### Data for processing
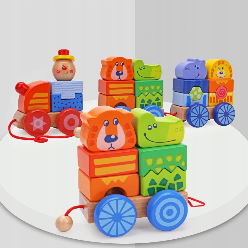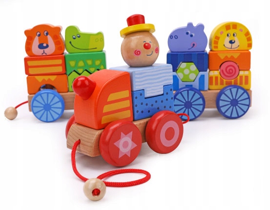Pociąg składa się z ciuchci i 2 wagonów, które można komponować w dowolny sposób. Dzięki sznureczkowi zabawkę w łatwy i przyjemny sposób można przenieść do innego pokoju.
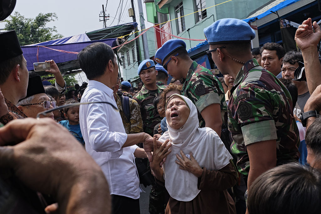 印尼现任总统佐科赢得总统选举 现身与支持者互动
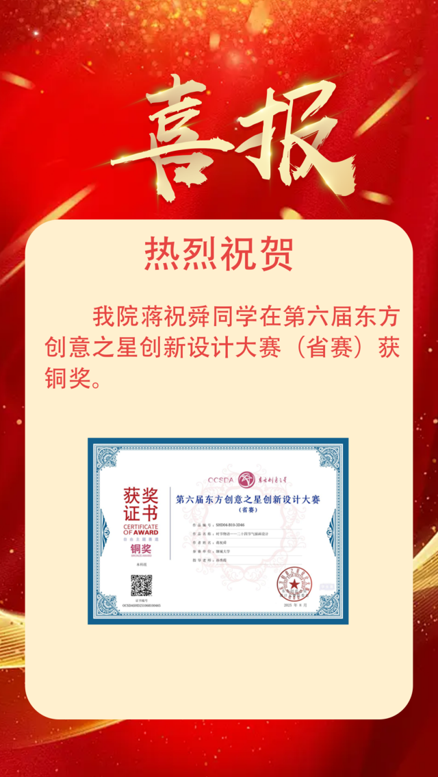 喜报|恭喜 跳蛋 学子获得第六届东方创意之星创新设计大赛(省赛)铜奖 作者:么翠红 来源: 跳蛋 发布时间:2025-11-25 阅读次数: 恭喜蒋祝舜2025.08 第六届东方创意之星创新设计大赛(省赛)铜奖 (审核 孔德滕)
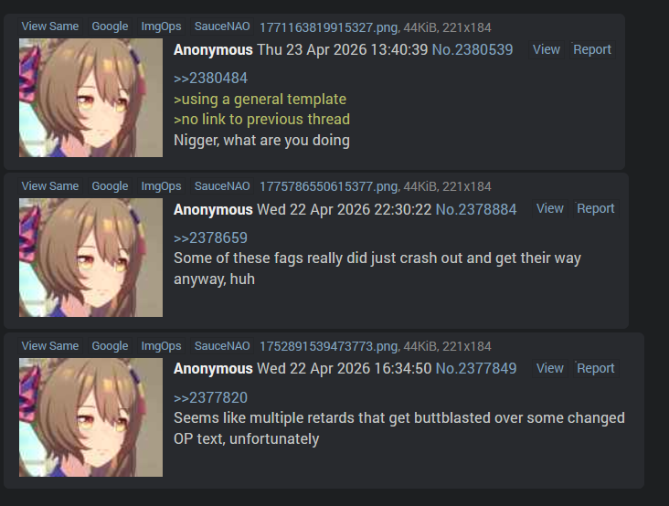 >>2380484>using a general template>no link to previous threadNigger, what are you doing
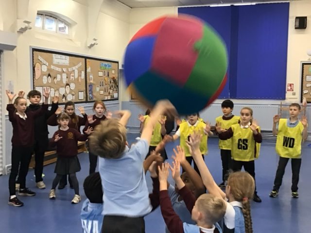 Last Friday, we had 2 sports coaches teach us a sport called ‘Kin Ball’. Kin ball is a game played with a HUGE ball and 4 teams. One team has the ball and 5 people crouch down to hold the ball and then one person (the pusher) calls out a colour and smashes the ball. The chosen coloured team then has to work as a team to try and stop the ball hitting the floor. If they manage it, they get a point. If they don’t, the other team gets a point.

### Assigned task
Verbatim copy, pictures excluded: output the lines from the first line of the records above through the line containing "喜报|恭喜 跳蛋 学子获得第六届东方创意之星创新设计大赛(省赛)铜奖".

### Solution
Pociąg składa się z ciuchci i 2 wagonów, które można komponować w dowolny sposób. Dzięki sznureczkowi zabawkę w łatwy i przyjemny sposób można przenieść do innego pokoju.
 印尼现任总统佐科赢得总统选举 现身与支持者互动
 喜报|恭喜 跳蛋 学子获得第六届东方创意之星创新设计大赛(省赛)铜奖 作者:么翠红 来源: 跳蛋 发布时间:2025-11-25 阅读次数: 恭喜蒋祝舜2025.08 第六届东方创意之星创新设计大赛(省赛)铜奖 (审核 孔德滕)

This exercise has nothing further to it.